Follow Us @soratemplates

Jumat, 11 September 2015

Part 4

September 11, 2015 0 Comments



Mendung semakin pekat, malam semakin tidak bersahabat, lantunan nyanyian sang angin malam mulai membisikkan badai, butiran air dari sang mata langit berjatuhan menjadi bulir-bulir yang semakin membesar dan rapat. Hujan.

Aku termenung disamping jendela kamarku, kubiarkan sedikit terbuka dan hujan diluarpun ribut ingin masuk melalui celah-celah jendela. Langit seolah mengerti kegundahan hatiku. Seharusnya aku lebih bisa menerima kenyataan kalau ternyata Reno sama sekali tidak tertarik kepadaku. Aku harus cukup tahu diri. kalau memang Reno harus memilih, tentu bukan aku jawabannya. Masih banyak yang lebih baik di luar sana. Ah, basi ! Aku sedang tidak mau mendengar kata-kata bijak itu.

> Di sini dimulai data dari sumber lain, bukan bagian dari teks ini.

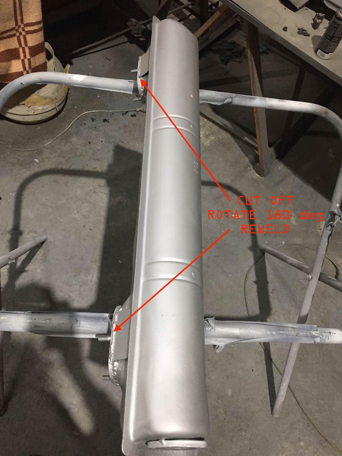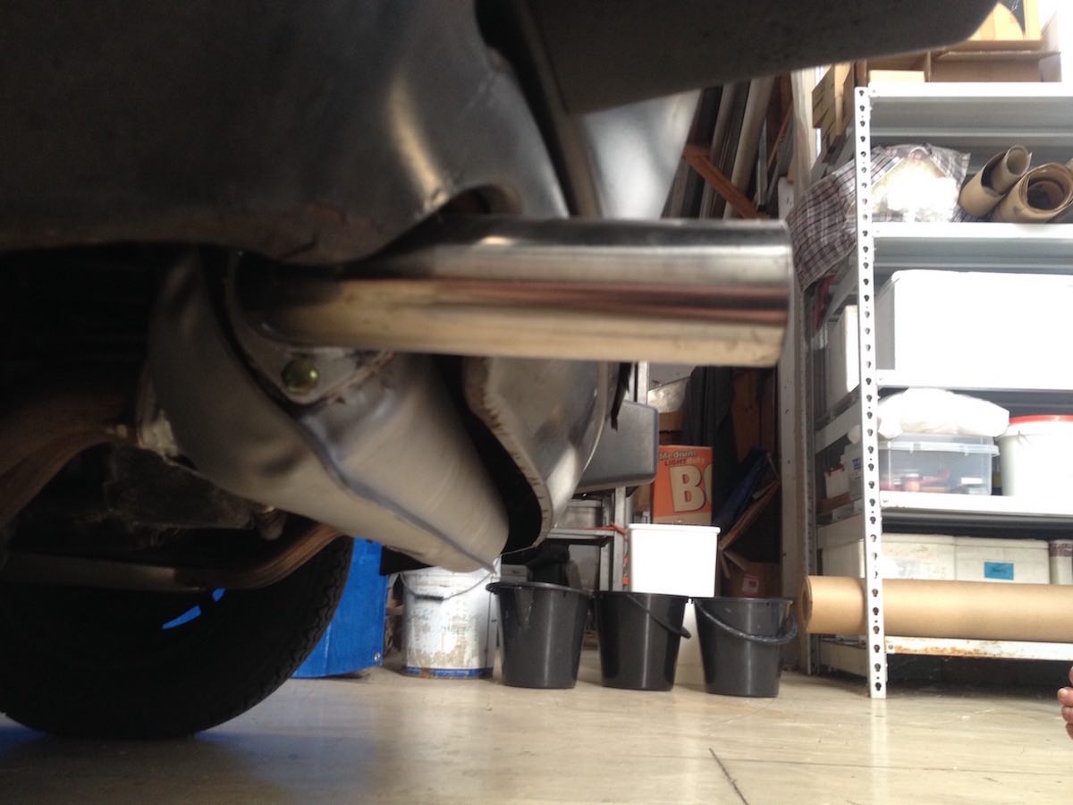 about 4 years ago. i did run it unmodified for a while before that with a modded tailpipe out the rhs just for convenience when i first had to change the muffler. (that was when the penny dropped about the rotated flanges. when we first looked at the muffler both my mechanic and i thought, aha its just a bus muffler. but then after getting hold of one and going to tfit it we both said, oh no its not quite a bus muffler. (IMG:style_emoticons/default/smile.gif) )then i took it off and did it properly a bit later on. the photos have reminded me we did a bit of reinforcing to kind of duplicate how the 914 mufflers have reinforcing plates from the flange back to the muffler body. we did "sturdy" plates but given the muffler pretty much hangs of those flanges even though the flanges are suspended from the hanger off the gearbox i figured i'd make sure it did not vibrate so much it would crack the flange welds down the track. it all works really well except the exhaust does sound very "tinny" until it warms up. i put that down to the SS heat exchangers in addition to this SS muffler. doesn't have that deeper tone that the mild steel exhaust systems have. |

Aku biarkan lamunanku jauh melayang entah sampai ke negeri antah berantah. Jauh, fantasiku terlalu jauh. Aku tarik diriku dari lamunanku dan aku tahu, aku masih duduk termenung disamping jendela kamarku. Sebaiknya aku kembali ke duniaku, dunia yang penuh dengan ambisi, dunia yang penuh dengan kompetisi, dan dunia yang dulu ada sebelum Reno ada dalam hidupku.

Sepertinya aku harus kembali,,,,,

Ponselku berbunyi, Michale Buble – Love iring favoritku terdengar memenuhi ruangan kerjaku. Tampak dilayar kaca sebuah panggilan dari “Manusia Planet” , aku biarkan terus Michale Buble bernyanyi sampai akhirnya ponsel itu diam, baru aku menyentuhnya dan meyakinkan diri kalau yang baru saja telfon adalah Reno.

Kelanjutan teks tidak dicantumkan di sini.